Differential gene expression analysis
The time-course differential gene expression analyses were conducted between irradiated and control cells (sham-irradiated) using a natural cubic spline regression model with three degrees of freedom as described in splineTimeR R-package [27]. Obtained p-values were adjusted by the Benjamini-Hochberg method for false discovery [28]. Genes with an adjusted p-value (FDR, false discovery rate) lower than 0.05 were considered as differentially expressed and associated with radiation response. For the status quo experiment that compares the derived CAL-33 clones with the parental CAL-33 cell line, genes were considered as differentially expressed when a log2 fold-change was higher than 0.5 and a FDR value lower than 0.05.

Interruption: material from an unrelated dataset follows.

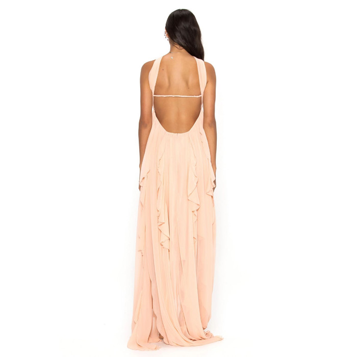 法式掛脖雪紡禮服裙性感裹胸露背星星裝飾不規則荷葉邊連衣裙長裙

Identification of early and late responding genes
Temporally differentially expressed genes with fold-change above 2.0 or below 0.5 in any measured time points within the first day after irradiation were considered as early responding genes. Respectively, genes with fold-change above 2.0 or below 0.5 within the second, third or fourth day of irradiation were considered as late responding.
Gene association network reconstruction and identification of important nodes in the reconstructed networks
Temporally differentially expressed genes were subjected to gene association network (GAN) reconstruction using a regularized dynamic partial correlation method [29]. Pairwise relationships between genes over time were inferred based on a dynamic Bayesian network model with shrinkage estimation of covariance matrices as implemented in the GeneNet R-package [30]. Analyses were conducted with a posterior probability of 0.95 for each potential undirected edge. Further, in order to determine the importance of each node in the reconstructed association networks, graph topological analyses based on centrality measures were applied [31]. Three most commonly used centrality measures: degree, shortest path betweenness and closeness describing the importance of gene in a network were combined into one centrality measure [32]. For each gene the three centrality values where ranked and the consensus centrality measure for each node was defined as the mean of the three independent centrality ranks.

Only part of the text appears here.